Operating in the fast spectrum, the SSR-W is effective at transmuting long-lived actinides into more stable isotopes. Today’s reactors that are fuelled by reprocessed spent fuel need very high-purity plutonium to form a stable pellet. The SSR-W can have any level of lanthanide and actinide contamination in its fuel, so long as it can still go critical. This low level of purity greatly simplifies the recycling method for existing waste.

The well established recycling method is based on pyroprocessing. A 2016 report by the Canadian Nuclear Laboratories on recycling of CANDU fuel estimates that pyroprocessing would cost about half as much as more conventional reprocessing. Pyroprocessing for the SSR-W uses only one third of the steps of conventional pyroprocessing, which will make it even cheaper. It is potentially competitive with the cost of manufacturing fresh fuel from mined uranium.

Waste from the SSR-W will take the form of solid salt in tubes. This can be vitrified and stored underground for over 100,000 years, as is planned today, or it can be recycled. In that case, fission products would be separated out and safely stored at ground level for the several hundred years needed for them to decay to radioactivity levels similar to that of uranium ore. The troublesome long-lived actinides and the remaining fuel would go back into the reactor, where they could be burned and transmuted into more-stable isotopes.

==Economics==
The capital cost of the SSR-W was estimated at $1,950/kW USD by an independent UK nuclear engineering firm.
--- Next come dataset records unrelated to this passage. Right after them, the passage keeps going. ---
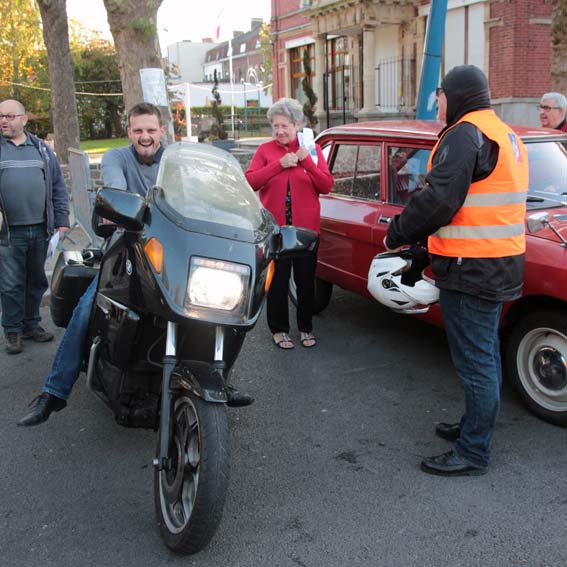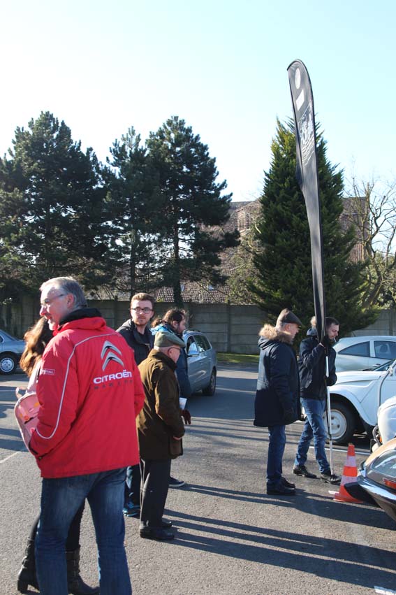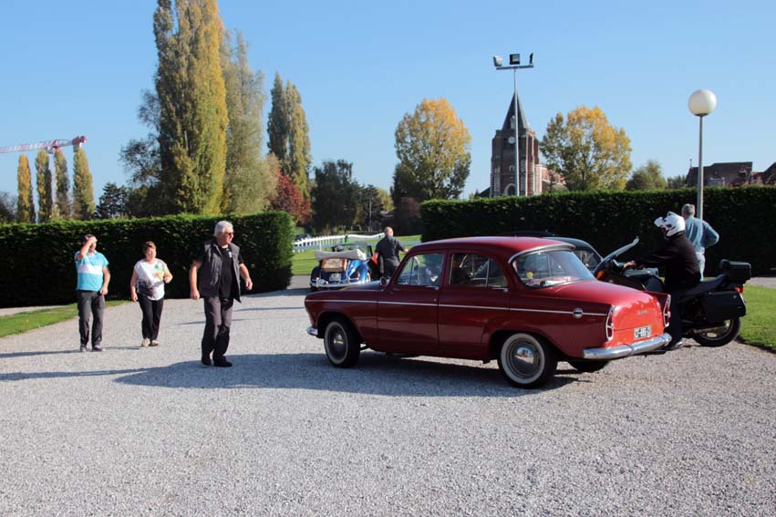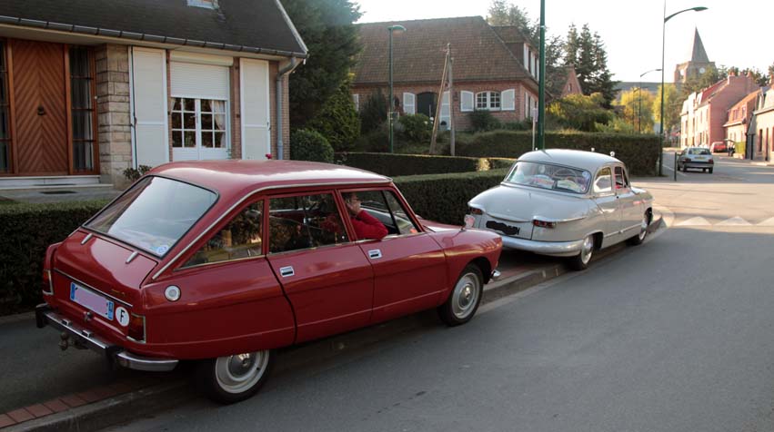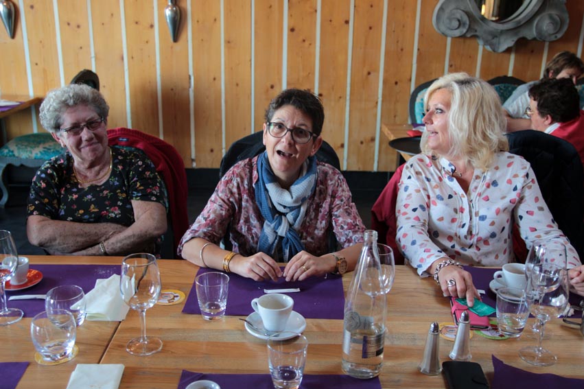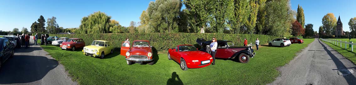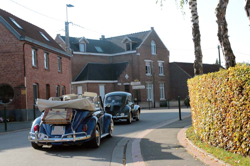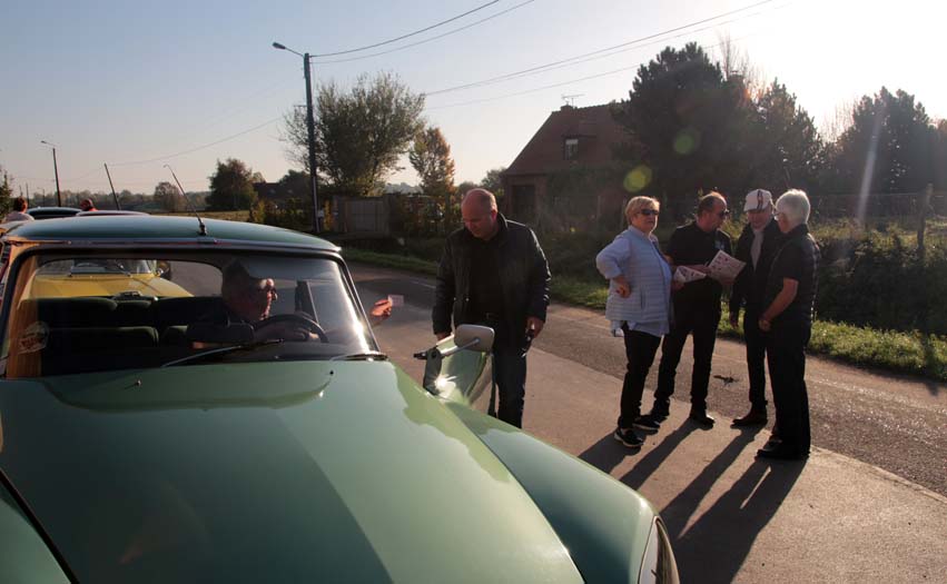 Profitant d’une matinée ensoleillée, Bernadette, Cécile, Corinne, Isabelle et Victoria, José, Nicole et Sylvie se sont donc mises en route. Suivant un petit road book, anciennes et modernes ont roulé tranquillement – quoique les 2CV filèrent les premières – à travers la campagne du Pévèle jusqu’au restaurant la Couturette, rejointes par deux Bernard et deux Jean- .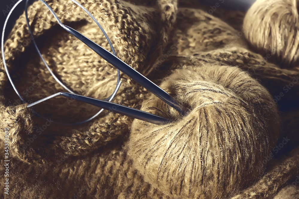 threads and knitting needles. Knitting blankets. Knitted sweater. Needlework as a hobby and business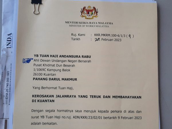 米昔拉区州议员安丹苏拉披露,紧需维修的道路包括雅姆往日隆雅路口 、巴洛交通灯路口、士满慕交通灯路口、武吉冷宜交通灯路口、关丹码头交通灯路口、关丹往甘马挽路(靠近米昔拉巴刹路口)。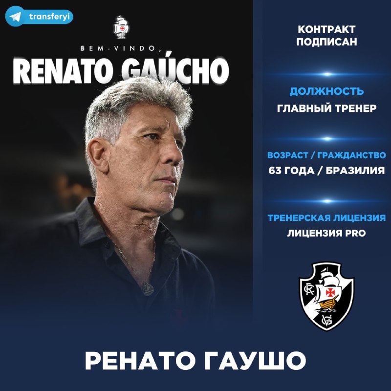 Официально: Ренато Гаушо — новый главный тренер «Васко да Гама» (Бразилия). Контракт до конца 2026 года.

For comparison, the capital cost of a modern pulverized coal power station in the United States is $3,250/kW and the cost of large-scale nuclear is $5,500/kW. Further reductions to this cost are expected for modular factory-based construction.

This low capital cost results in a levelised cost of electricity (LCOE) of $44.64/MWh USD with substantial potential for further reductions, because of the greater simplicity and intrinsic safety of the SSR.

Given the pre-commercial nature of the technology, the figures for capital cost and LCOE are estimates, and may increase or decrease during completion of the development and licensing processes.

The International Energy Agency predicts that nuclear power will maintain a constant small role in the global energy supply, with a market opportunity of 219 GWe up to 2040. With the improved economics of the SSR, Moltex Energy predicts that it has the potential to access a market of over 1,300 GWe by 2040.

==Development==
The fundamental patent on the use of unpumped molten salt fuel was granted to Moltex Energy Ltd in 2014, and further implementation-related patents have been applied for and granted since.

The SSR-W has completed Vendor Design Review Phase 1 review with the Canadian Nuclear Safety Commission. Both the US and Canadian governments are supporting development of elements of the SSR technology.

==Recognition==
As well as the selection for development support by the US and Canadian governments noted above, the SSR has been identified as a leading SMR technology by a 2020 Tractebel analysis, and the SSR-W was selected as one of two SMR candidates for further progression by NB Power, out of a field of 90 candidates. It was also selected as part of the UK government's Phase 1 Advanced Modular Reactor competition but was not selected for the Phase 2 part of the funding.